Australia has always had bushfires, but not nearly as rampant and widespread as the current ones.
On December 6, David Bennett gave us some maths about Aotearoa/New Zealand's emissions towards global warming, 0.17per cent of the world's total, a tiny amount, considering the rest of the world is therefore contributing 99.83per cent of greenhouse gas (GHG).
As we are fifth on the OECD list of highest-per-capitaemissions, it should be okay for the lowest emitters, say India, currently 2.5 tonnes per person (pp), to up their emissions to ours, currently just under 18tonnes pp? That 2.5tonnes pp is also part of India generating electricity using vast amounts of coal.
Why is it all right for Aotearoa/New Zealand to ride on the backs of the poorest countries of the world so we can have a better lifestyle? So we can have a double garage with two SUVs?
Incidentally, top of the OECD list at 22.2tonnes pp is Australia, currently increasing their GHG emissions courtesy of the vast bushfires currently devastating parts of their East Coast.
And, if David Bennett had read my Conservation Comment (November 25) properly, he would not have ignored the connection between Australia's dismissive attitude to climate change and the unprecedented (the word I used in my Conservation Comment) current bushfires.
Of course Australia has always had bushfires, so has Aotearoa, but so far not nearly as rampant and widespread as the current ones. In fact I remember, as a child in Whangarei, being awestruck at the red sky caused by Australian bushfires even then.
I never wrote that the current bushfires are a direct result of global warming, but all the science says that because of climate change/global warming the incidence, severity and extended season from the usual summer peak will increase. Exactly what is happening.
Saying "so" every time one answers a question is the new Kiwi linguistic clanger. It replaces the cringefests "at the end of the day" and "going forward", which had a life far in excess of their PR creators' expectations.
Saying "so" first, every time a question is answered, makes one sound informed, in charge, on top of the issue. Tailor-made for politicians and corporate climbers.
When the average bloke says it all the time, it just sounds silly.
PETER RUSSELL Whanganui
Climate change
John Milnes, in his Conservation Comment on November 25, starts by saying he makes no apology for banging on about climate change again — and, if he seriously believes in it, neither should he.
However, he should probably apologise for some of the exaggerations that follow.

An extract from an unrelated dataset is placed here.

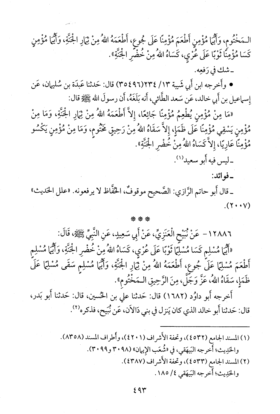 «أيما مسلم كسا مسلما ثوبا على عري، كساه الله من خضر الجنة، وأيما مسلم أطعم مسلما على جوع، أطعمه الله من ثمار الجنة، وأيما مسلم سقى مسلما على ظمإ، سقاه الله، عز وجل، من الرحيق المختوم».

The connection between the latest bushfires in Australia and their coal exporting industry are a sad joke. Even if accepting that CO2 levels are causing global warming, shutting down the coal industry in Australia would only result in the end users sourcing lower-quality coal from other sources and would have had no noticeable effect on the recent fires.
The main causes of the destructiveness of the latest bushfires, I believe, are drought and failure to manage the fuel build-up in the bush areas in the off-season by controlled burn. This was the main conclusion from the inquiry after the massive loss of life in the Victoria bushfires in 2008.
Despite this conclusion, burn-offs have struggled to keep the fuel loadings under control. As to drought, recently, Andrew Pitman, a human-caused global warming advocate speaking at Sydney University, said: "There is no link between climate change and drought in Australia". Rainfall totals over the past 100 years bear this out.
DENNIS NITSCHKE Marton
Editor's note: Andrew Pitman later clarified he meant there was no "direct" link between climate change and drought, but there was a clear indirect link.